Avec 1 ou 2% prélevés sur 800 millions d’euros estimés en France pour le moteur de recherche, on peut collecter 8 à 16 millions d’euros afin d’aider au financement de la musique, du cinéma et du livre, ce à quoi on peut ajouter à peu près autant en ponctionnant aussi les portails MSN, Yahoo ou e-bay. L’idée est par exemple de créer une carte jeunes, payée à moitié par l’Etat, qui permettrait aux 18-24 ans d’acheter de la musique en ligne. La mesure semble d’autant plus fondée que Google s’arrange pour ne pas payer d’impôts en France en n’y déclarant qu’un vingtième de ses revenus, son siège européen étant en Irlande où les conditions fiscales sont plus avantageuses.

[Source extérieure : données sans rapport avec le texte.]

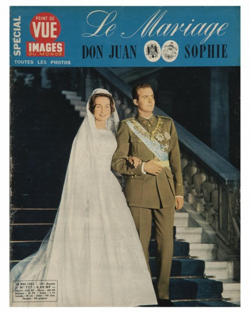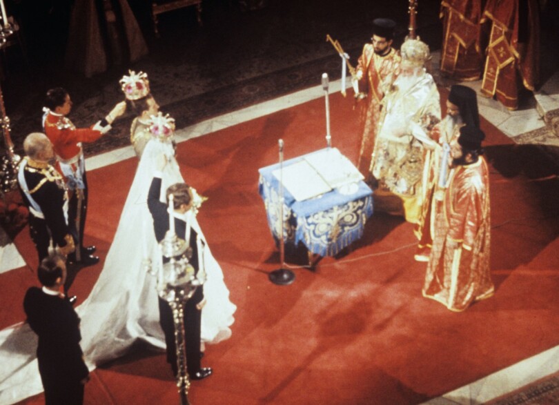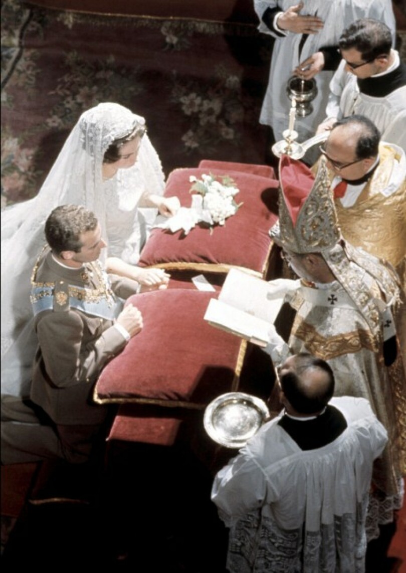 Monseigneur Printezi, l’archevêque catholique d’Athènes, accueille le souverain et la jeune fiancée au son de l’Alleluia du Messie de Haendel. Dans le sanctuaire fleuri de guirlandes d’oeillets rouges et jaunes, le roi Paul donne symboliquement la main de sa fille à don Juan Carlos.

Reste à savoir s’il est légitime de faire financer la création culturelle française par un acteur international vivant des liens sponsorisés ou des bannières sur le Net. Autant une ponction en faveur des médias peut se justifier car la montée en puissance publicitaire des géants de l’Internet se fait à leur détriment. Autant, on ne peut pas dire que Google soit responsable de la chute des recettes de la musique ou du cinéma, ou alors très indirectement, puisque c’est plutôt le téléchargement illégal qui a dissuadé d’acheter des disques ou des films. Les acteurs du web regrettent une façon d’aller chercher l’argent là où il est, sur la toile, sans d’ailleurs se soucier de savoir comment. Car la faisabilité de la taxe n’est pas évidente. Si Google décide de ne pas communiquer ses revenus en France, faudra-t-il, ironise le PDG de Price Minister, Pierre Kiosusko Morizet, envoyer des gens en hélicoptère aux Etats-Unis pour récupérer l’argent ? L’Etat, décidemment, va avoir besoin d’expertise… Et d’un appui européen.